One must have for God the yearning of a child.  The child sees nothing but confusion when his mother is away.  You may try to cajole him by putting a sweetmeat in his hand; but he will not be fooled.  He only says 'No, I want to go to my mother.'  One must feel such yearning for God.  Ah, what yearning!  How restless a child feels for his mother.  He to whom the enjoyment of worldly happiness appears tasteless, he who takes no delight in anything of the world--money, name, creature comforts, sense pleasure--becomes sincerely grief-stricken for the vision of the Mother.  And to him alone the Mother comes running, leaving all Her other duties.

Whether a man should be a householder or a monk depends on the will of Rama.  Surrender everything to God and do your duties in the world.  What else can you do?  If the householder becomes a jivan-mukta, then he can easily live in the world if he likes.  A man who has attained Knowledge does not differentiate between 'this place' and 'that place.'  All places are the same to him.  He who thinks of 'that place' also thinks of 'this place.'

How much of the scriptures can you read?  What will you gain by mere reasoning?  Try to realize God before anything else.  Have faith in the guru's words, and work.  If you have no guru, then pray to God with a longing heart.  He will let you know what He is like.

How long must a man continue formal worship?  As long as he has not developed love for God's Lotus Feet, as long as he does not shed tears and his hair does not stand on end when he repeats God's name.
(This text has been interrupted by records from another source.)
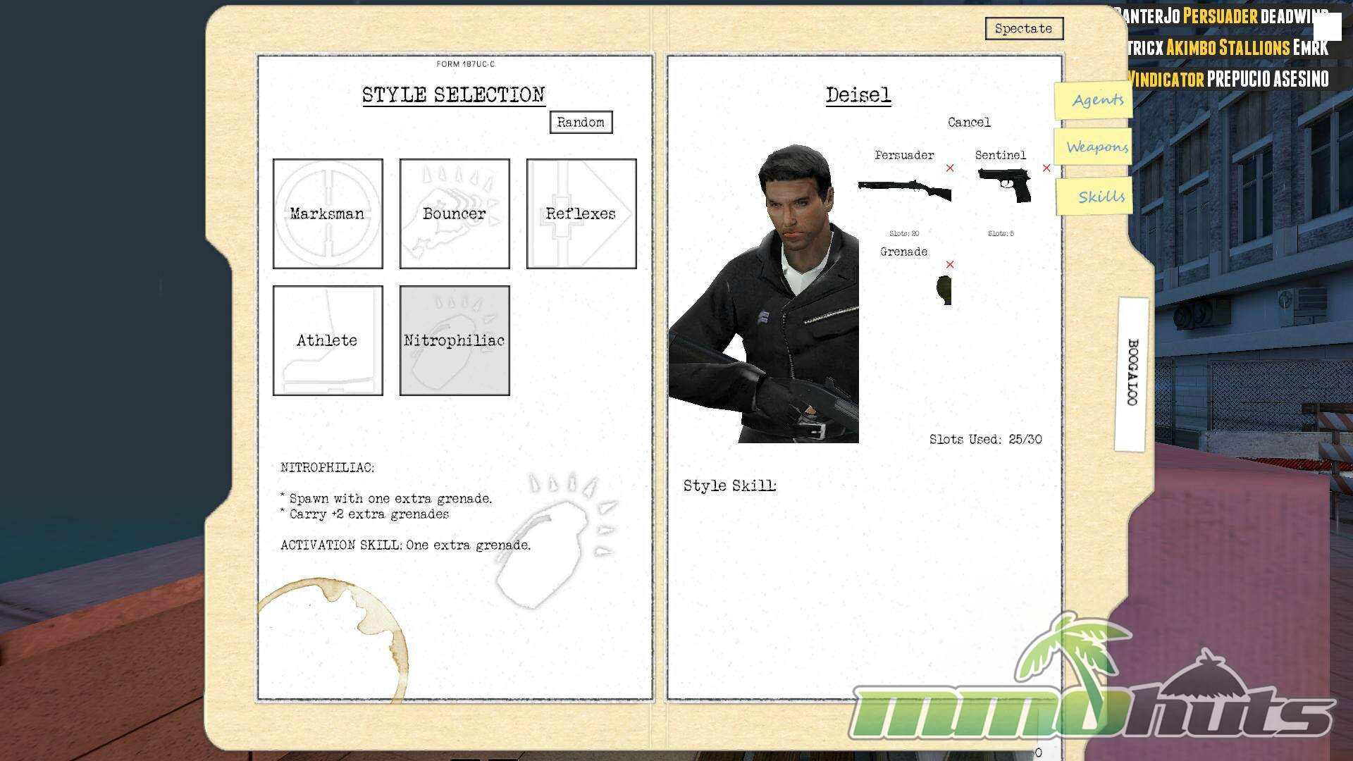 Before a match you pick an ability such as Marksman, BounceMan, Reflexes, Athlete, or Nitrophiliac. These modifiers are small but meaningful, and the right pairing can push you toward a specific role even in a free-for-all. Marksman is the obvious choice if you want cleaner recoil control and more reliable mid-range shots, while Nitrophiliac leans into explosives by boosting your grenade options and carrying capacity.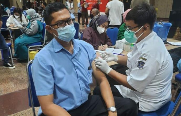 Salah satu pengemudi Bluebird di Surabaya menjalani vaksinasi.vaka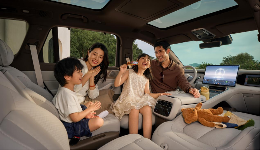 坐进车内,气氛立刻换成了“豪华剧场”。冰箱、彩电、大沙发一样不少,副驾零重力座椅、后排17.3英寸娱乐屏、双层三开门冰箱都配齐。最打动人的,是座椅的左右主动支撑,拐弯时自动包裹乘客,让人有被“接住”的安全感。比亚迪很清楚,买这种车的人看重的是体验,而不仅是数据。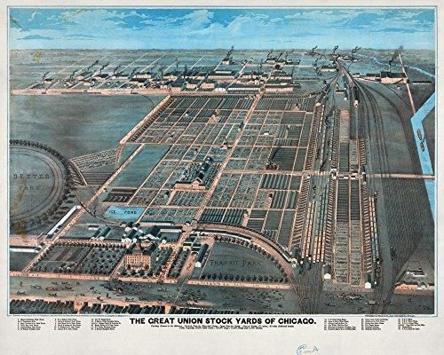 シカゴ ストックヤード 1878 NThe Great Union Stock Yards Of Chicago Map by Charles Rascher
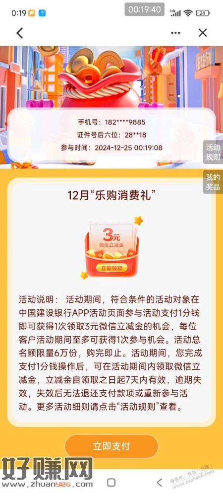建行北京 1分购3元微信立减金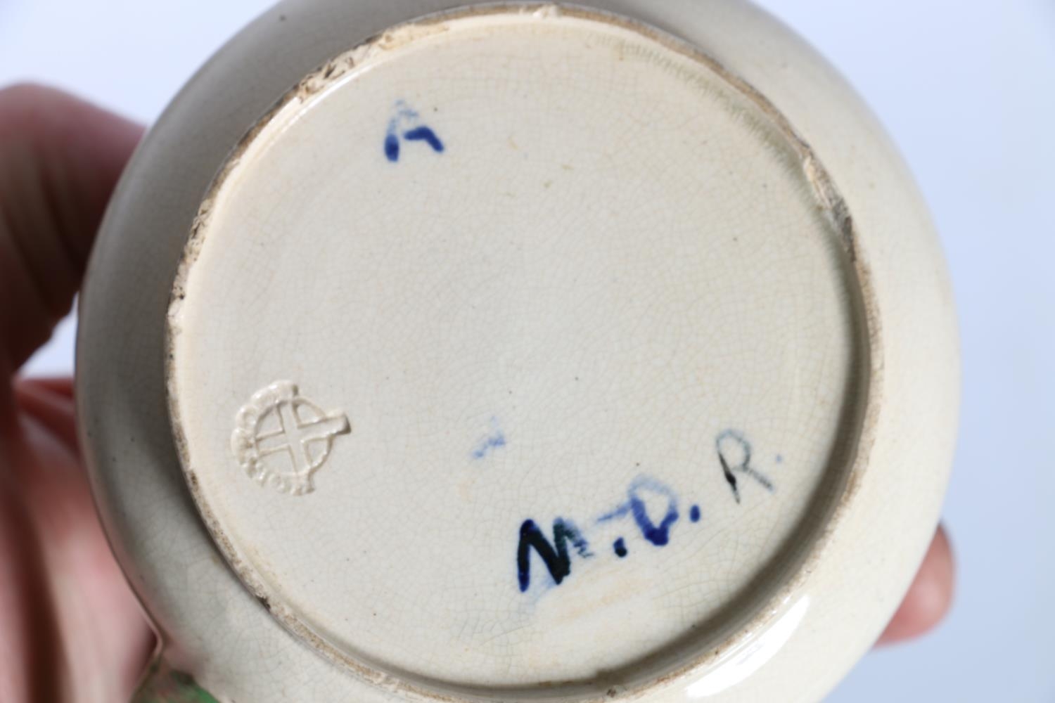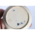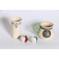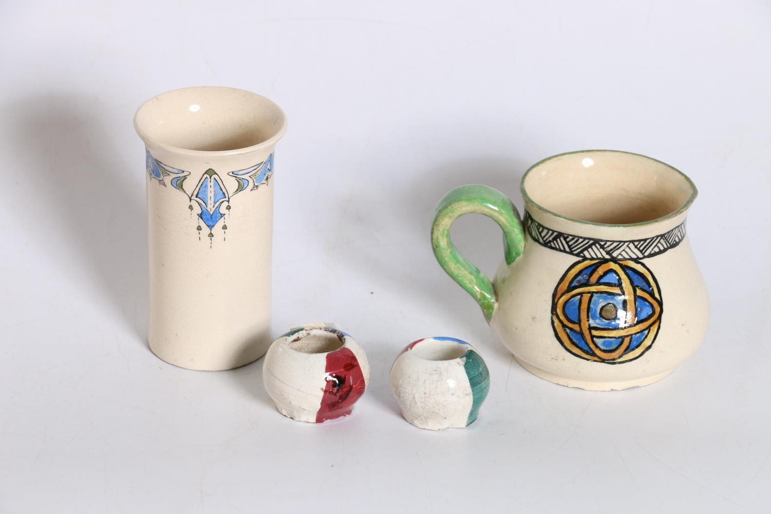 Holyrood Pottery jug with Celtic Knot decoration, signed to base with initials M.D.R., 8cm tall, a Holyrood Pottery column vase, 10cm tall and a pair of salts. (4)
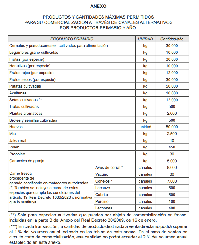 Para evitar una competencia desleal con autónomos o empresas que se centran como actividad principal en la comercialización, el decreto marca unos límites en las cantidades que el agricultor o el ganadero pueden vender. En el anexo se incluye una lista con todos los productos que pueden vender de esta forma, así como el volumen máximo permitido para cada uno de ellos.
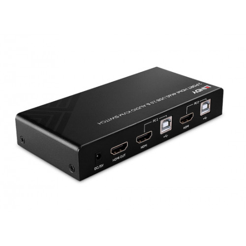 Der 2 Port HDMI 4K60, USB 2.0 & Audio KVM Switch bietet eine kompakte Lösung für den Zugriff und die Steuerung von bis zu vier mit HDMI ausgestatteten PCs über eine einzige Tastatur, Maus und einen Monitor.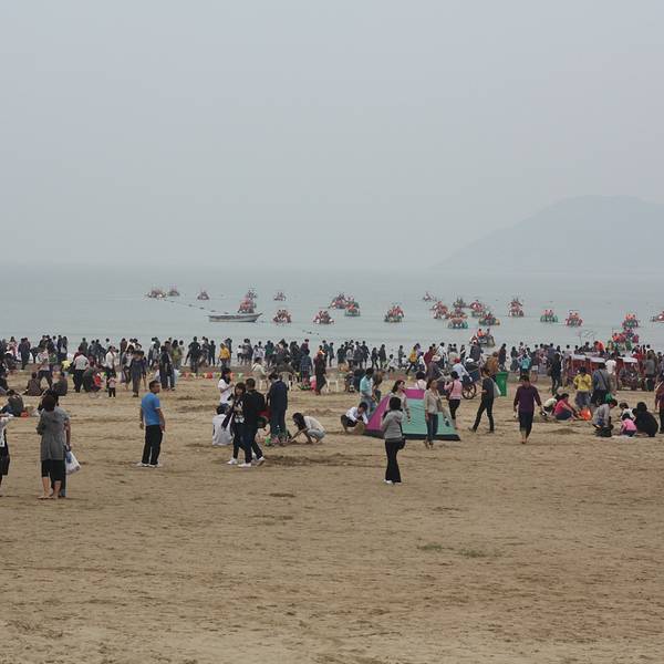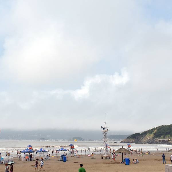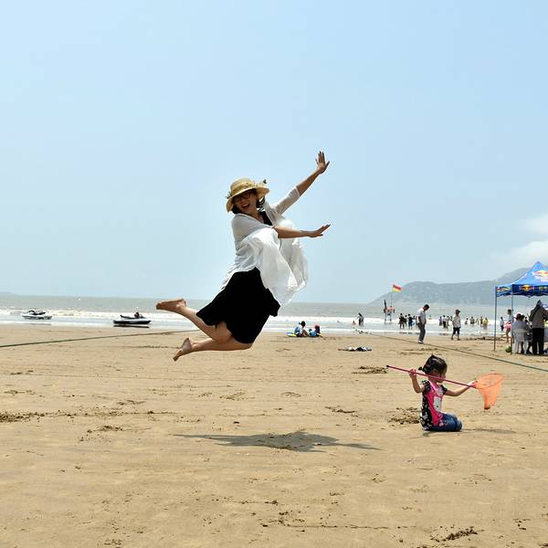 朱家尖南沙景区是“十里金沙”奇观的中心和精华所在,介于与千沙之间,长1000余米,宽约250米,沙质细腻,滩前海域辽阔,近岸1000米水域,水深在0.5米—2米之间。夏季海水洁净,透明度高,水温在24—26℃之间,是游客朋友沙滩休闲、踏浪嬉水和开展各种海上沙滩活动的理想场所,南沙滩前的这个海域可容纳2万人同浴,是我国少有的理想的大型海滨浴场。 炎炎夏日,游客们嬉水踏浪。驾着摩托艇在碧波中风驰电掣,在沙滩上放飞青春的梦想,紧张的现代生活节奏之余,这里就是您理想的休闲度假之选,它可以让您充实、更让您回味无穷。这里也是全国仅有的能够提供夜泳安全保障的天然海滨浴场。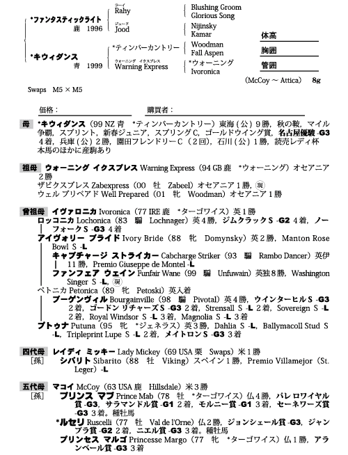 父ファンタスティックライト 母キウィダンス(母父ティンバーカントリー)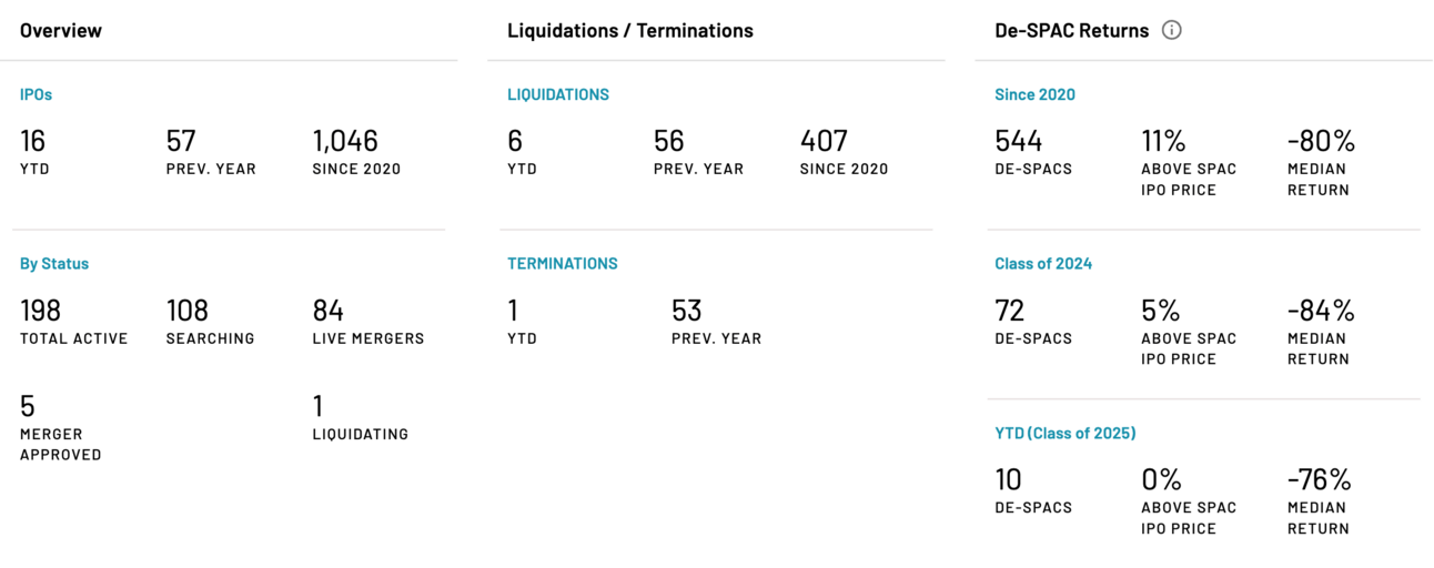 6 SPACs have liquidated in 2025 YTD and 1 is in the process of liquidating.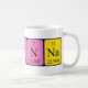 Ladonna escreveu como La D O N Na (Lanthanum Deuterium Oxygen Nitrogen Sodium) em uma caneca para o cientista em você.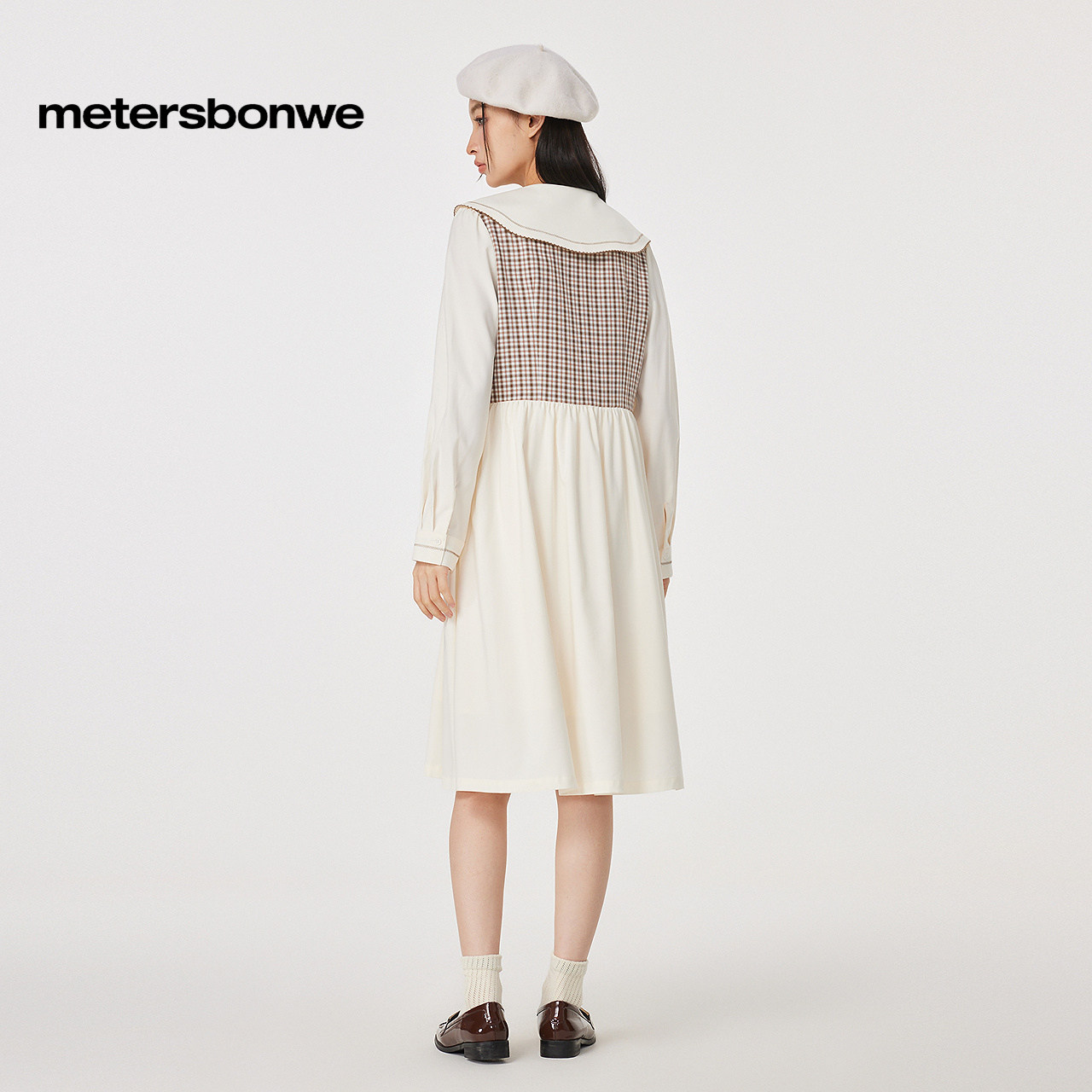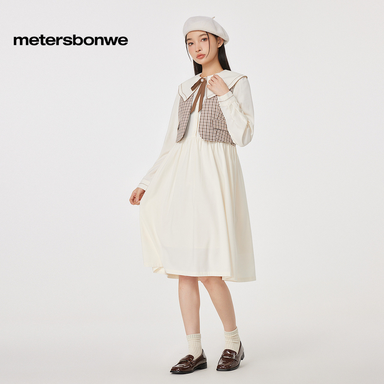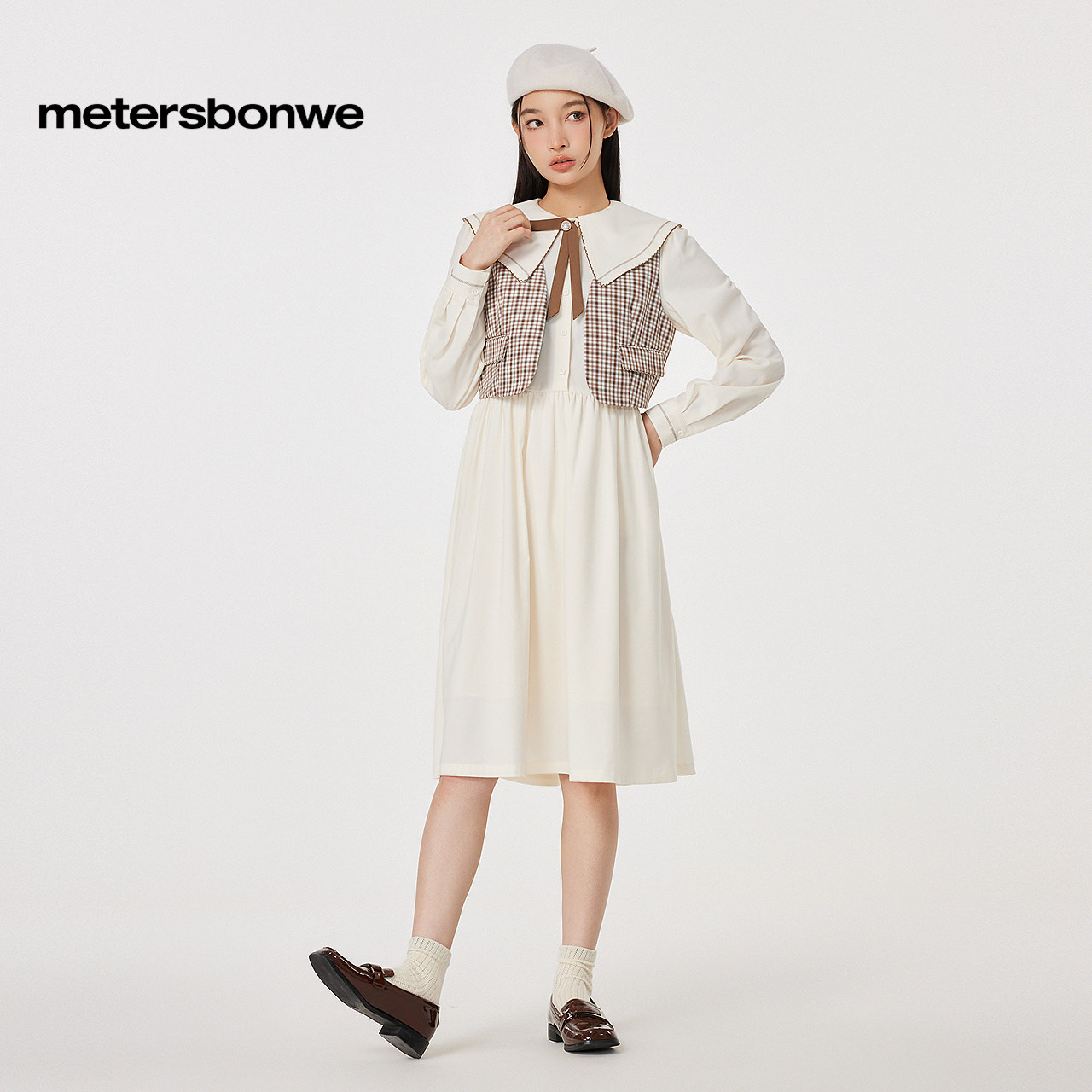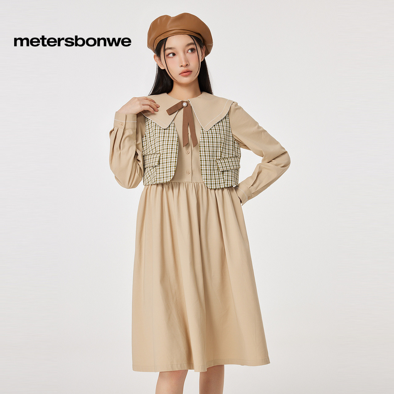美特斯邦威连衣裙女士秋冬季款舒适甜美学院风衬衫式假两件女裙子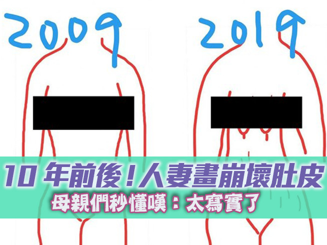 兩個孩子的媽咪深夜畫出2009和2019的對比,笑說「大家都在10年前~10年後~,10年前沒照片,只好用畫的,這辛酸大概只有媽媽們懂。」只見原本的姣好身型,在生下孩子後就不復見了,取而代之的是,大面積的妊娠紋、下垂胸部,及大一號的身材。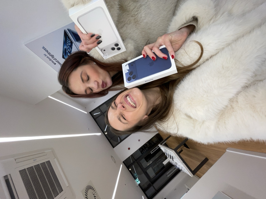 Two women in fluffy white coats pose with iPhone boxes. One holds a white iPhone box with dark nails, while the other smiles with a blue iPhone box and red nails. The photo is taken from an unusual angle, showing the ceiling with lighting fixtures, air conditioning units, and a blurred view of a store or office in the background. A poster advertising a MacBook Air is visible.

By no means all people are attracted to God.  There are special souls who feel so.  To love God one must be born with good tendencies.  If a man slips from the path of yoga, then he is reborn in a prosperous family and starts again his spiritual practice for the realization of God.  While thinking of God the aspirant may feel a craving for material enjoyment.  It is this craving that makes him slip from the path.  In his next life he will be born with the spiritual tendencies that he failed to translate into action in his present life.  No salvation is possible for a man as long as he has desire, as long as he hankers for worldly things.